Lists are ordered collections of data. Python lists are mutable data types, which means the individual elements of a list can be modified.

#### List methods
<table align="left">
<tr><td style="text-align:center"><b>Method</b></td><td><b>Description</b></td></tr>
    <tr><td style="text-align:center"><code>l.append(x)</code></td><td>Appends <code>x</code> to the end of the list <code>l</code></td></tr>
<tr><td style="text-align:center"><code>l.extend(y)</code></td><td>Appends each element of the list <code>y</code> to the end of <code>l</code>.</td></tr>
<tr><td style="text-align:center"><code>l.insert(i, x)</code></td><td>Inserts <code>x</code> at index <code>i</code></td></tr>
<tr><td style="text-align:center"><code>l.sort()</code></td><td>Sorts the list <code>l</code></td></tr>
<tr><td style="text-align:center"><code>l.pop([i])</code></td><td>Removes the element at position <code>i</code> and returns it.
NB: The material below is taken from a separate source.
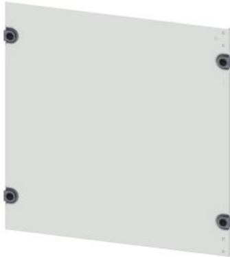
SIVACON S4, панель-заглушка В: 500 мм, Ш: 800 мм

If <code>i</code> is not given, the last element will be removed.</td></tr>
<tr><td style="text-align:center"><code>l.reverse()</code></td><td>Reverses the list <code>l</code></td></tr>
<tr><td style="text-align:center"><code>l.index(x)</code></td><td>Returns the index of <code>x</code></td></tr>
<tr><td style="text-align:center"><code>l.remove(x)</code></td><td>Removes the first instance of <code>x</code> in the list</td></tr>
</table>

\*\* Note: Methods such as `list.append()`, `list.extend()`, etc. perform in-place operations, and do not return the updated list. They return `None`. So be careful about assigning the results of these methods to a variable and expecting a list.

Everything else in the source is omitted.